Hi,
On 04/05/2017 10:23, Christoffer Dall wrote:
> On Thu, May 04, 2017 at 09:40:35AM +0200, Auger Eric wrote:
>> Hi Christoffer,
>>
>> On 04/05/2017 09:31, Christoffer Dall wrote:
>>> On Wed, May 03, 2017 at 11:55:34PM +0200, Auger Eric wrote:
>>>> Hi Christoffer,
>>>>
>>>> On 03/05/2017 18:37, Christoffer Dall wrote:
>>>>> On Wed, May 03, 2017 at 06:08:58PM +0200, Auger Eric wrote:
>>>>>> Hi Christoffer,
>>>>>>
>>>>>> On 30/04/2017 22:14, Christoffer Dall wrote:
>>>>>>> On Fri, Apr 14, 2017 at 12:15:31PM +0200, Eric Auger wrote:
>>>>>>>> Introduce routines to save and restore device ITT and their
>>>>>>>> interrupt table entries (ITE).
>>>>>>>>
>>>>>>>> The routines will be called on device table save and
>>>>>>>> restore. They will become static in subsequent patches.
>>>>>>>
>>>>>>> Why this bottom-up approach?  Couldn't you start by having the patch
>>>>>>> that restores the device table and define the static functions that
>>>>>>> return an error there
>>>>>> done
>>>>>> , and then fill them in with subsequent patches
>>>>>>> (liek this one)?
>>>>>>>
>>>>>>> That would have the added benefit of being able to tell how things are
>>>>>>> designed to be called.
>>>>>>>
>>>>>>>>
>>>>>>>> Signed-off-by: Eric Auger <eric.au...@redhat.com>
>>>>>>>>
>>>>>>>> ---
>>>>>>>> v4 -> v5:
>>>>>>>> - ITE are now sorted by eventid on the flush
>>>>>>>> - rename *flush* into *save*
>>>>>>>> - use macros for shits and masks
>>>>>>>> - pass ite_esz to vgic_its_save_ite
>>>>>>>>
>>>>>>>> v3 -> v4:
>>>>>>>> - lookup_table and compute_next_eventid_offset become static in this
>>>>>>>>   patch
>>>>>>>> - remove static along with vgic_its_flush/restore_itt to avoid
>>>>>>>>   compilation warnings
>>>>>>>> - next field only computed with a shift (mask removed)

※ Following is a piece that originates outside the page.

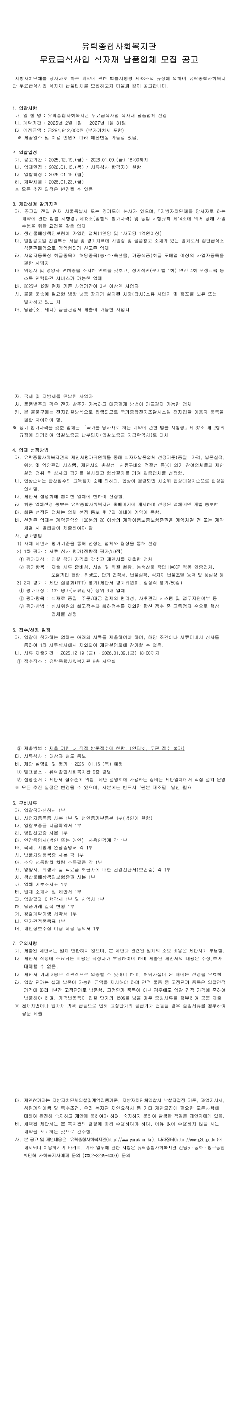 유락종합사회복지관 2026년 무료급식 식자재 납품업체 선정 |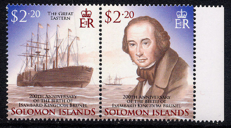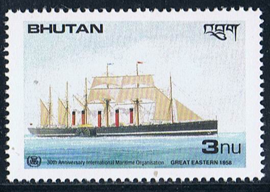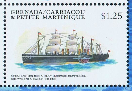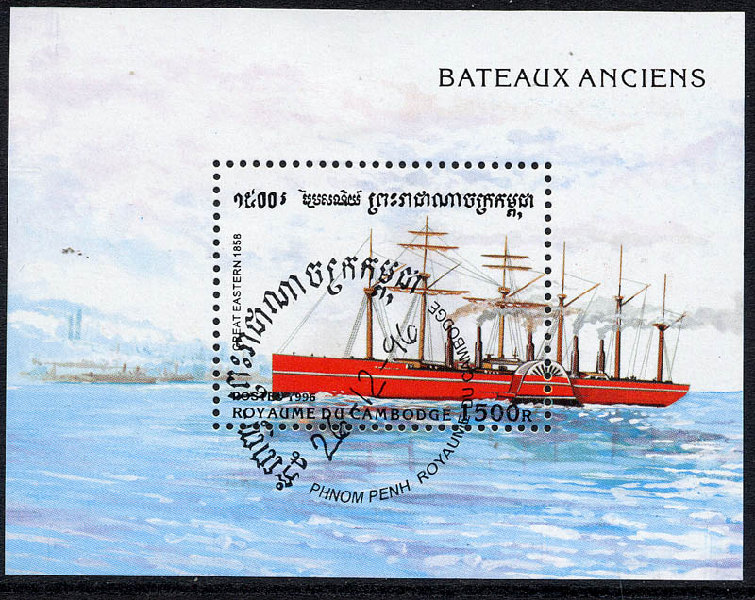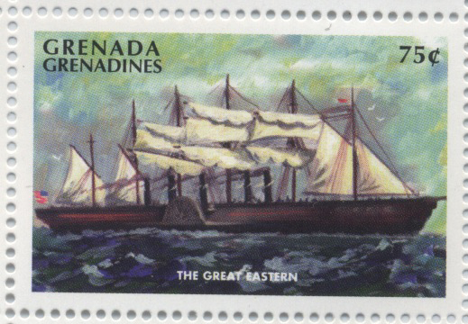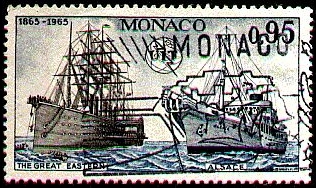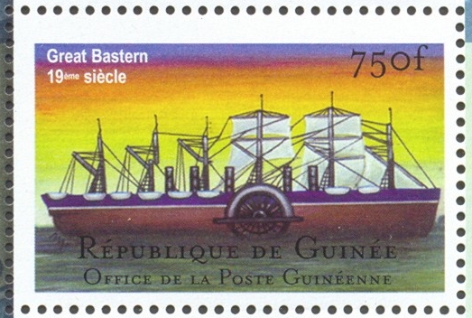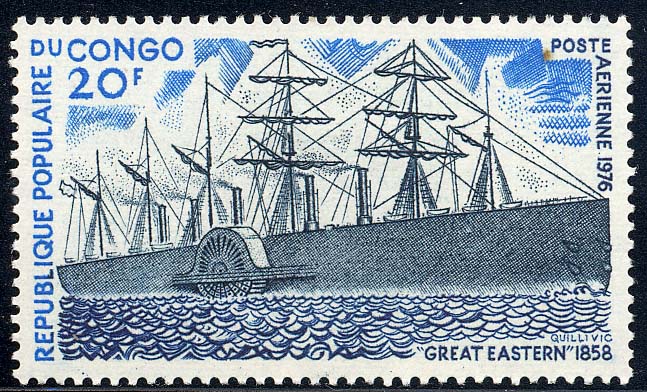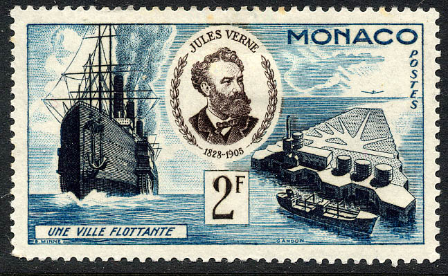 Literal translation of the caption of this Jules Verne stamp is "A floating town", and it would seem probable that the ship depicted is the famous paddler Great Eastern. She was built during the French writers lifetime and may well have stirred his creative imagination. For many years she was used as a standard of comparison when speaking of size. "Half as big as the Great Eastern" with variations, became a common phrase. In weight she surpassed the total tonnage of the three next largest steamers in the world, and for about 40 years she was the longest ship afloat. Designed by I. K, Brunel and J. Scott Russell she was built on the River Thames at Blackwall, her owners being the Eastern Steam Navigation Company. In 1860 she made a voyage to New York, and in later years she was employed on cable laying operations.

>>>>>>>> - handle the case where the last element has not been found
>>>>>>>>
>>>>>>>> v2 -> v3:
>>>>>>>> - add return 0 in vgic_its_restore_ite (was in subsequent patch)
>>>>>>>>
>>>>>>>> v2: creation
>>>>>>>> ---
>>>>>>>>  virt/kvm/arm/vgic/vgic-its.c | 128 
>>>>>>>> ++++++++++++++++++++++++++++++++++++++++++-
>>>>>>>>  virt/kvm/arm/vgic/vgic.h     |   4 ++
>>>>>>>>  2 files changed, 129 insertions(+), 3 deletions(-)
>>>>>>>>
>>>>>>>> diff --git a/virt/kvm/arm/vgic/vgic-its.c 
>>>>>>>> b/virt/kvm/arm/vgic/vgic-its.c
>>>>>>>> index 35b2ca1..b02fc3f 100644
>>>>>>>> --- a/virt/kvm/arm/vgic/vgic-its.c
>>>>>>>> +++ b/virt/kvm/arm/vgic/vgic-its.c
>>>>>>>> @@ -23,6 +23,7 @@
>>>>>>>>  #include <linux/interrupt.h>
>>>>>>>>  #include <linux/list.h>
>>>>>>>>  #include <linux/uaccess.h>
>>>>>>>> +#include <linux/list_sort.h>
>>>>>>>>  
>>>>>>>>  #include <linux/irqchip/arm-gic-v3.h>
>>>>>>>>  
>>>>>>>> @@ -1695,7 +1696,7 @@ u32 compute_next_devid_offset(struct list_head 
>>>>>>>> *h, struct its_device *dev)
>>>>>>>>        return min_t(u32, next_offset, VITS_DTE_MAX_DEVID_OFFSET);
>>>>>>>>  }
>>>>>>>>  
>>>>>>>> -u32 compute_next_eventid_offset(struct list_head *h, struct its_ite 
>>>>>>>> *ite)
>>>>>>>> +static u32 compute_next_eventid_offset(struct list_head *h, struct 
>>>>>>>> its_ite *ite)
>>>>>>>>  {
>>>>>>>>        struct list_head *e = &ite->ite_list;
>>>>>>>>        struct its_ite *next;
>>>>>>>> @@ -1737,8 +1738,8 @@ typedef int (*entry_fn_t)(struct vgic_its *its, 
>>>>>>>> u32 id, void *entry,
>>>>>>>>   *
>>>>>>>>   * Return: < 0 on error, 1 if last element identified, 0 otherwise
>>>>>>>>   */
>>>>>>>> -int lookup_table(struct vgic_its *its, gpa_t base, int size, int esz,
>>>>>>>> -               int start_id, entry_fn_t fn, void *opaque)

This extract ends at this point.